Exercise objective » Print exactly the line that contains "Внутри шахматной кассеты", then every following line through the end of the material; include nothing else and no pictures.
··· Material supplied
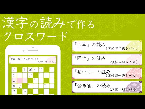 Androidアプリです。クロスワードパズルなら、読めないと恥ずかしい(?)簡単な漢字から、難しい読み方の
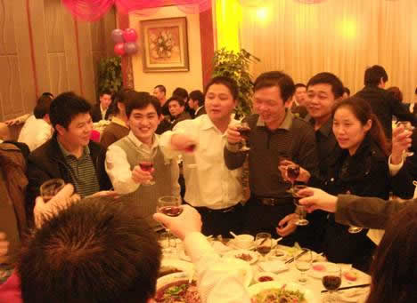 晚會的第二波高潮開始了,孫武源先生和劉險峰先生逐一為各代理商敬酒。
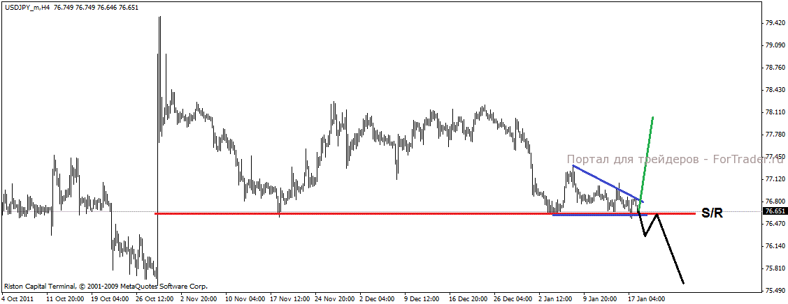 Цена вновь отбилась от уровня поддержки, однако пробить треугольник не смогла и вновь начала снижаться. В данной ситуации пара может пойти как вверх, так и вниз. Поэтому лучше дождаться пробоя треугольника, обозначенного синим цветом и открываться в сторону пробоя.
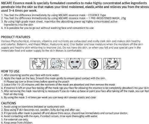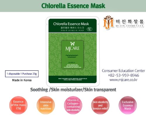 - Feature : MJCARE NEW Essence Facial Mask Pack - Chlorella Essence 10 Pcs / MJ CARE essence mask is specially formulated cosmetics to penetrate active ingredients into the skin / It will make your skin look younger, moisterized, elastic, bright and relieve you from stress. / Power relaxation skin with Moisturing treatment. / For ALL SKIN TYPES AND FOUR SEASON.
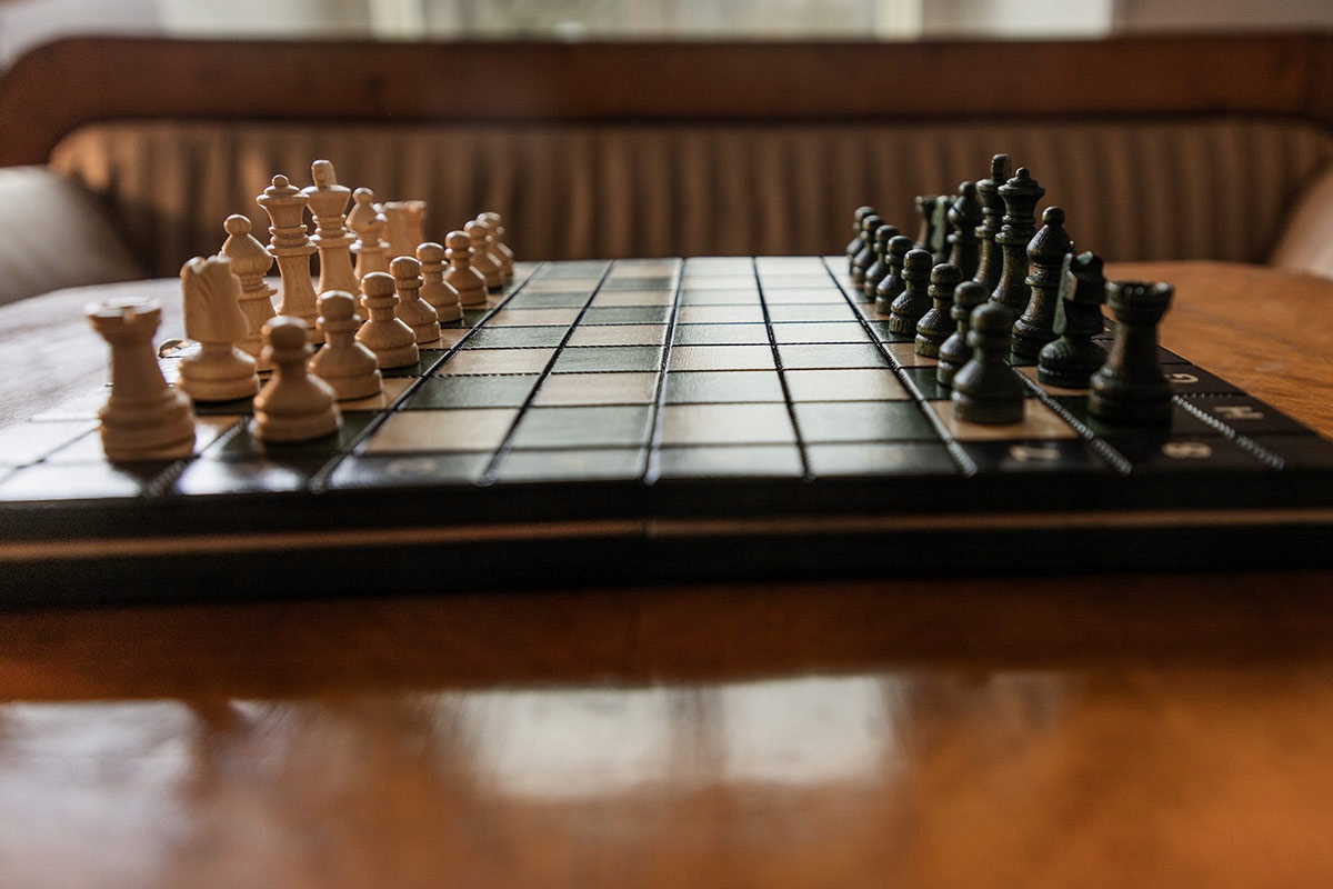 Внутри шахматной кассеты находится инкрустация, покрытая флоком, благодаря которому каждая фигура и пешка имеют свое место, что защищает их от механических повреждений. Чтобы защитить стол от царапин петли закрыты тканью.
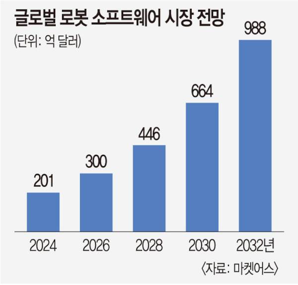 9일 시장조사기관 마켓어스에 따르면 글로벌 로봇 소프트웨어 시장은 올해 201억 달러(약 28조원)에서 2032년 988억 달러(약 141조원)로 커질 전망이다. 시장에서는 하드웨어가 아닌 소프트웨어로 로봇 산업의 패러다임이 바뀔 것이라는 전망이 잇따르고 있다. 로봇은 자신이 학습한 결과를 클라우드에 공유하고 업데이트하면서 더 똑똑해질 수 있는데, 이를 가능케 하는 것이 소프트웨어 역량이기 때문이다.
······
Response to this task »
 Внутри шахматной кассеты находится инкрустация, покрытая флоком, благодаря которому каждая фигура и пешка имеют свое место, что защищает их от механических повреждений. Чтобы защитить стол от царапин петли закрыты тканью.
 9일 시장조사기관 마켓어스에 따르면 글로벌 로봇 소프트웨어 시장은 올해 201억 달러(약 28조원)에서 2032년 988억 달러(약 141조원)로 커질 전망이다. 시장에서는 하드웨어가 아닌 소프트웨어로 로봇 산업의 패러다임이 바뀔 것이라는 전망이 잇따르고 있다. 로봇은 자신이 학습한 결과를 클라우드에 공유하고 업데이트하면서 더 똑똑해질 수 있는데, 이를 가능케 하는 것이 소프트웨어 역량이기 때문이다.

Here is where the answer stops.